Autor: Leonardo Arellano

Todas las personas, unas más, otras menos, tienen sus propios muros interiores. Saberlo y reconocerlo es de por sí una ventaja, pero es necesario descubrir esos muros que limitan mi avance en la vida y son un obstáculo para la felicidad. Una vez terminado el trabajo de búsqueda y dado el respectivo diagnóstico, es hora de poner manos a la obra. Hay que demoler mis muros, pero, ¿quién puede hacerlo?

Derribar un muro es difícil: se necesita personal que cuente con los instrumentos más eficaces para hacerlo bien. Sin embargo, para derribar los muros interiores, el personal se reduce a dos trabajadores: Cristo y yo.

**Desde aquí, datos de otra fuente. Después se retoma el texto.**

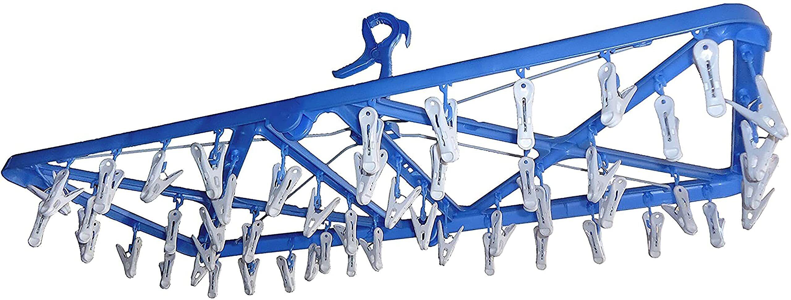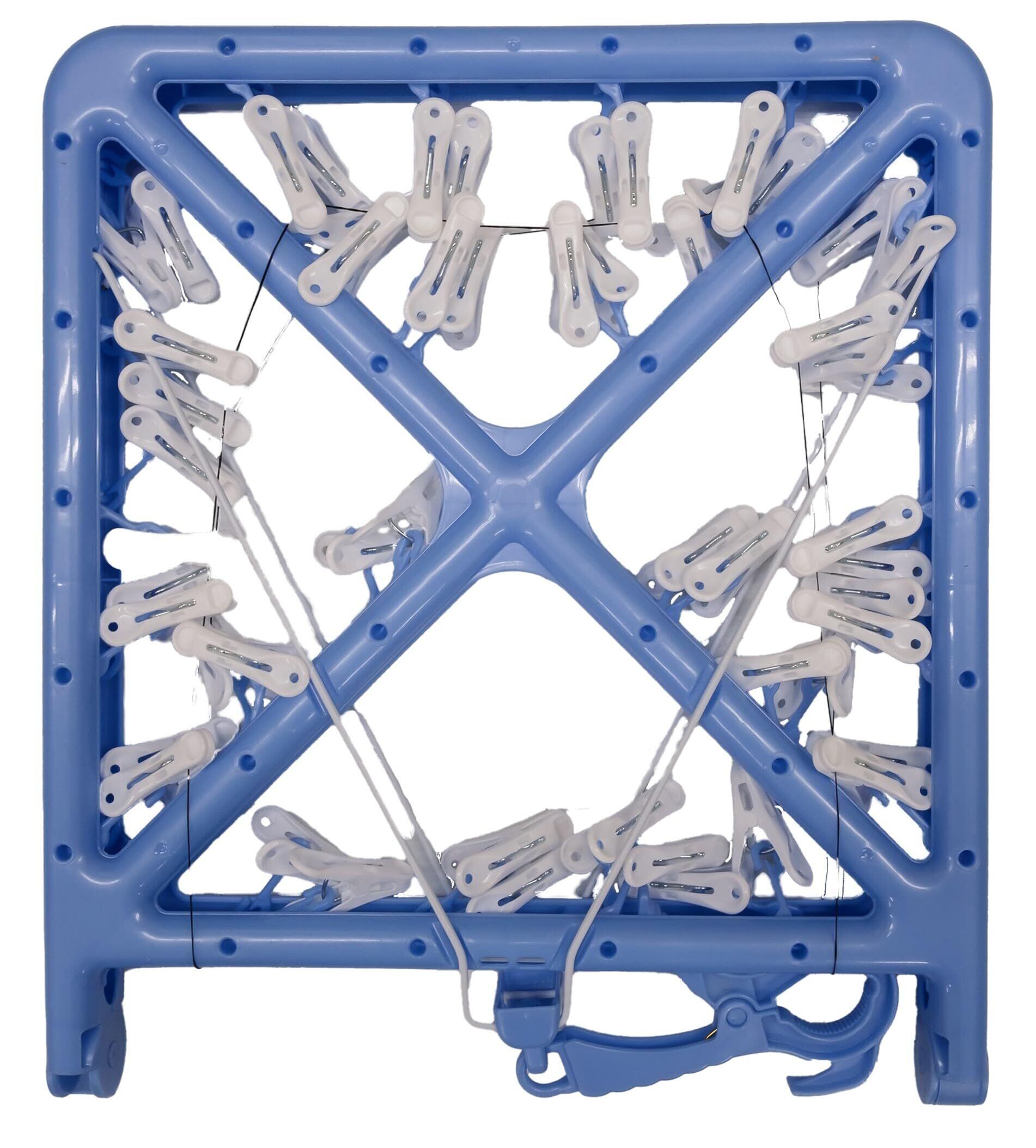 【折りたたみ式・省スペース】水勘製簾所 ワイヤー角ハンガー ブルー 約84×39×30cm カモイフック付き|多機能物干し 日本製

Cristo vino al mundo hace más de 2000 años: derribó muros, rompió esquemas, abrió corazones. Sólo con su ayuda se derriban los muros interiores. Demolió la rigidez de la ley practicada y exigida por los fariseos, dándole su plenitud en el amor. Rompió la barrera infranqueable entre los pecadores y los que se tenían por justos. Predicó y practicó el amor al prójimo, incluso a los enemigos. Cristo, hoy, quiere ayudarme a derribar mis muros.

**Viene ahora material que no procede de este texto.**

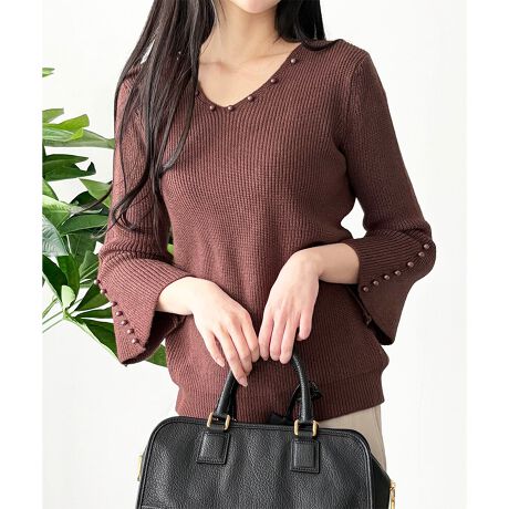 袖口にあしらわれたフェイクパールが、上品な華やかさを演出するリブニットです。

No obstante, Cristo no sustituye mi trabajo personal. He de esforzarme para que con su ayuda y ejemplo pueda demoler mis propios muros. Se hace imperante un trabajo arduo, constante, en el que yo colabore con Cristo, para formar un equipo. En todo momento Él será mi guía y compañero. Nunca me va a fallar. Todo depende de mi escucha y apertura hacia Él, del seguimiento de su ejemplo. Así, no habrá muro inaccesible.

Una vez derribados mis muros interiores, debo vigilar atento para que no se vayan creando otros nuevos. Para ello, es necesario mantenerme en el amor a Dios y por Él y en Él, el sano amor a mí mismo y a mi prójimo.

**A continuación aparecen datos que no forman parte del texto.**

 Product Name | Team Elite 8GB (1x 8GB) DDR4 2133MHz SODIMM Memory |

El derribar muros es un trabajo arduo que requiere perseverancia y esfuerzo. Puede durar días, meses, quizá años: depende de cada uno, de su situación personal. No desesperemos: seamos realistas y pacientes, mantengamos un sano optimismo. No olvidemos que Cristo y yo formamos un equipo. Ni sólo Cristo, ni sólo yo: ambos. Ya sabemos cómo hacerlo. ¡Es hora de comenzar!